I don't think I'm supposed to like Humongous quite as much as I do.
The main arguments against this 1982 film, director Paul Lynch's follow-up to Prom Night, are that it's boring, derivative, and devoid of scares. I can see how those would be valid criticisms or how one might end up with that opinion of Humongous, and yet- that's not how I view the film at all. Does that make any sense? It's a bit like seeing Fabio and thinking "Yes, I understand how people might find him attractive, but I myself do not."
In related news, I wonder whether or not anyone's been able to convince Fabio that the delicious, cholesterol-free, buttery spread he so enjoys is not, in fact, butter.
Back on topic! Humongous. It opens in that most predictable way: with a rape. It's Labor Day Weekend in 1946 and a drunken reveler forces himself on a young woman whose family is hosting the party. Her trusty German Shepherds come to her rescue and attack the attacker; she finishes him off with a rock.
I was checking out some reviews of the film earlier, and virtually every one railed against Lynch for shooting the rape scene from the victim's POV. Apparently this technique makes viewers uneasy. Uncomfortable during a rape scene? Good. Why is that a problem?
36 years after that night, a small group of...err, teens, I guess, are leaving a house where I...uh, guess they were staying all summer and they're boating to...uh...well, it's all a little vague. Listen, picky, all you need to know is that this is a horror movie and all the major food groups are represented: the nice guy, the final girl, the slut, the nerd, and the jerk. The nice guy (Eric), the nerd (Carla), and the jerk (Nick) are siblings; the nice guy and the final girl (Sandy) are dating, as are the slut (Donna) and the jerk. Carla, meanwhile, is considerate enough to sport glasses in keeping with the film's title. I do so love a theme!
Whilst slowly navigating through heavy fog at night, our gang comes across Bert, whose motorboat has given up the ghost. They take him on board and when dogs begin to howl in the distance, he tells them the tale of The Weirdo Old Lady of Dog Island. It seems there's a mysterious woman who's secluded herself on an island and lives with a gazillion dogs. The locals don't know much about her- she only heads to the mainland twice a year for supplies, and no one dares set foot on the island for fear of her dogs.

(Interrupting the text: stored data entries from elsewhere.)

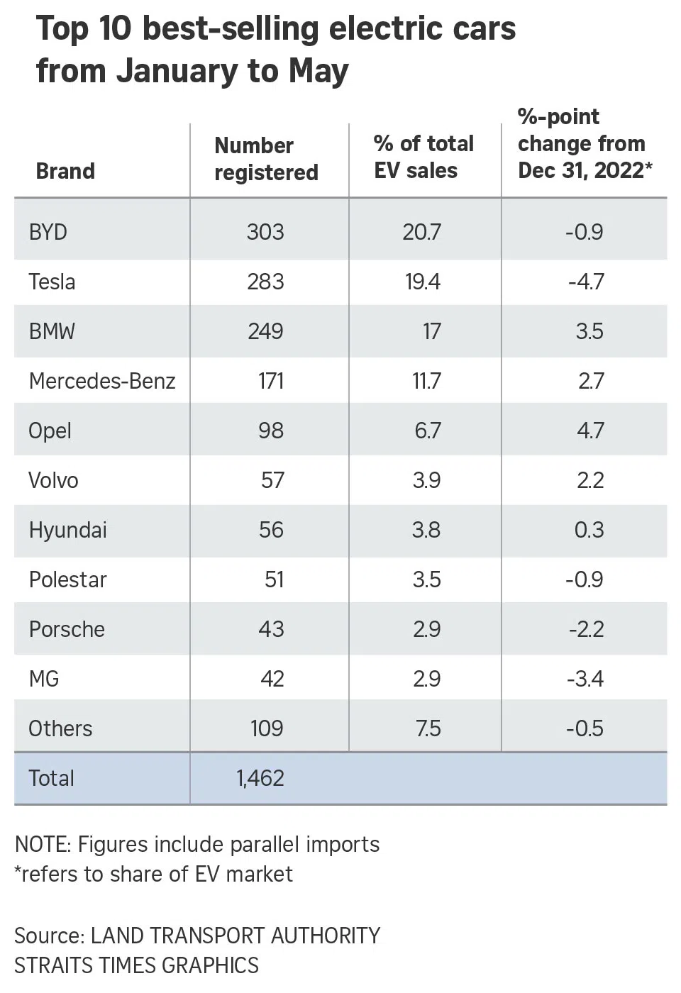 SINGAPORE - The year is going well for Chinese electric carmaker BYD, which zoomed past the United States’ Tesla in the first five months of 2023 to become Singapore’s best-selling battery-powered brand.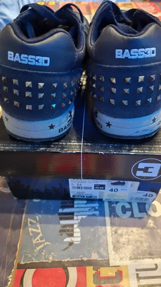 Zapatillas deportivas de la marca BASS30 en talla 40. Combinan tonos azules y plateados con un diseño moderno. - Detalle de tachuelas en el talón. - Cordones a tono. - Suela con inscripciones.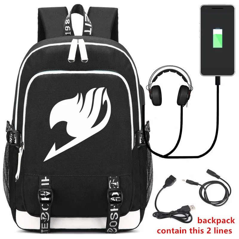 Японский рюкзак "Хвост Феи", Сумка с USB-портом/замком/интерфейсом для наушников, Студенческая сумка для ноутбука, подарки, косплей Материал: ткань Оксфорд Размер: приблизительно 44x30x15 см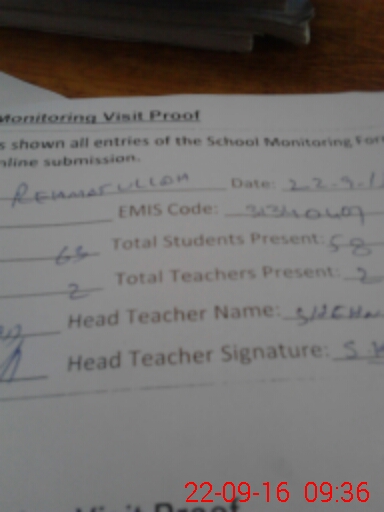 | Attendance Register | Head Teacher | MEA with School | Visit Proof |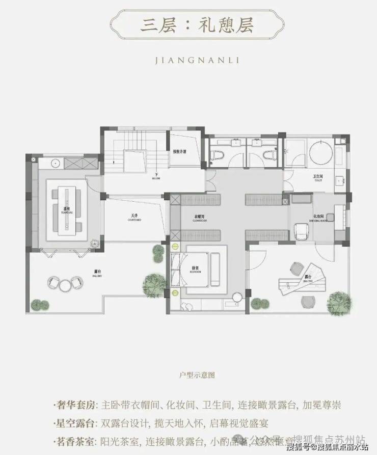 作为苏州湾板块稀有的低密宋风合院项目,江南里始终秉持“ 让宋韵重生於当代 ”的营造理念。本次获批房源延续项目一贯的高标准产品力,以《 营造法式 》为蓝本,融合现代居住需求,实现“ 宅园合一 ”的终极理想。

Hmm...I wonder who she could be? Though we, the audience, know that The Weirdo Old Lady of Dog Island is the rape victim from 36 years back, the telling of the tale is spooky. It's creepy. What can I say? I get sucked in easily.
A few plot contrivances later and our gang's boat goes boom- man, the jerk is such a jerk- and everyone swims for...wait for it...the shores of Dog Island! It's all so very unpredictable...and as such, you probably know where all this is headed, right? The rape victim had a baby, the baby grew up to be humongous, Mr Humongous is deformed and hasn't been socialized, Mr Humongous kills teenagers for food- you know the drill.
As I said earlier, I'm not going to argue that Humongous isn't terribly derivative (one crucial scene apes Friday the 13th Part 2 like nobody's business); somehow, though, I find it effectively derivative. Lynch utilizes odd camera angles to disquiet the viewer and- for better or for worse- keeps Mr Humongous almost completely hidden throughout the film. This has the curious effect of making the film one about survival rather than one about killing. The focus is on the teens, who are trying to find a way off the island. While exploring the ol' Humongous Homestead, they come across photo albums, diaries, and dessicated corpses and they get their Scooby Gang on, piecing together the puzzle to figure out what they're up against. They even develop a grudging sympathy for the lurking monster, and so do we. The characters are, unfortunately (yet expectedly) drawn too thin to really care about, but it helps that the performances, while not spectacular, are rather understated for a slasher-style film. They're essentially stereotypes, but they're not broad caricatures.
The biggest shame about Humongous is that it's so damn dark...I mean really, really dark. So much so that you can't figure what's going on for...oh, I'd say at least 1/4 of the movie. It's definitely a problem, and some viewers may not have the patience to endure it. As for me, I plan to buy up all the Our Lady of Guadalupe candles in the Spanish food section at my local Ralph's, light 'em, and create a shrine with the hopes that this will bring about a DVD release of Humongous- a nice, cleaned-up-n-brightened version so I can see what I've been missing.
I like this movie. I honestly enjoy it, and not in an ironic way- although there are plenty of early '80s chunks of cheese (headbands, dancing, cassettes, and...uh, using one's bare boobs to keep someone warm) sprinkled throughout. I like the exploring of the run-down house, I like the stalking sequences, I like the atmosphere...I just like Humongous. Your results, however, may vary, as the 2.3/10 rating on imdb suggests.